13  The Bootstrap: Inference for Optimization-Based Estimators

NoteWhat you’ll be able to do

Attach standard errors and confidence bands to any CVXR estimate — even one with no closed-form formula — by re-solving the problem on resampled data. This is the bridge from optimization back to statistical inference.

13.1 Why this matters

Almost every model in this book produces a point estimate: solve the problem, read off value(beta), done. But a point estimate without a sense of its uncertainty is only half of a statistical answer. For ordinary least squares there is a textbook standard-error formula. For a lasso, a quantile fit, an isotonic fit, or any of the custom objectives CVXR makes easy, there usually isn’t one — the estimator is defined implicitly, as “the solution of this optimization problem.”

The bootstrap sidesteps the missing formula entirely. Its premise is simple: the sampling variability of an estimator can be approximated by refitting it on resampled data. Because a CVXR estimate is just a deterministic function of the data — run the solver — it slots straight into the bootstrap with nothing special required. That makes the bootstrap a near-universal companion to convex modeling:

If you can solve it once, you can bootstrap it.

13.2 A fit with no standard-error formula

Our estimator is a nearly-isotonic fit: least squares plus a penalty on downward steps, so it prefers a mostly-increasing curve without forcing strict monotonicity:

\[\underset{\beta}{\mbox{minimize}}\quad \tfrac12\sum_i (y_i-\beta_i)^2 + \lambda \sum_i (\beta_{i+1}-\beta_i)_+ .\]

We apply it to global-mean temperature anomalies (cdiac, shipped with CVXR). The fit is a one-liner; crucially, it is also a plain R function of a data vector — exactly the shape the bootstrap needs:

data(cdiac)
neariso_fit <- function(y, lambda) {
  beta <- Variable(length(y))
  prob <- Problem(Minimize(0.5 * sum((y - beta)^2) + lambda * sum(pos(diff(beta)))))
  psolve(prob)
  value(beta)
}

13.3 The bootstrap recipe

The boot package does the resampling bookkeeping; we just supply a statistic that refits on each resample.

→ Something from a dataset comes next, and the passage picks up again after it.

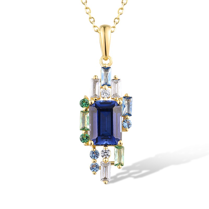 Sterling Silver w/ Yellow Plating Pendant Green Spinel,White Cubic Zirconia,Blue Spinel,Created Sapphire (P318732MULSY925)

Every replicate is a fresh solve, so we keep the number of replicates modest:

fit_stat <- function(data, idx, lambda) {
  s <- data[idx, ]
  s <- s[order(s$year), ]          # bootstrap resamples rows; restore time order
  neariso_fit(s$annual, lambda)
}

set.seed(123)
bo <- boot(cdiac, statistic = fit_stat, R = 100, lambda = 0.44)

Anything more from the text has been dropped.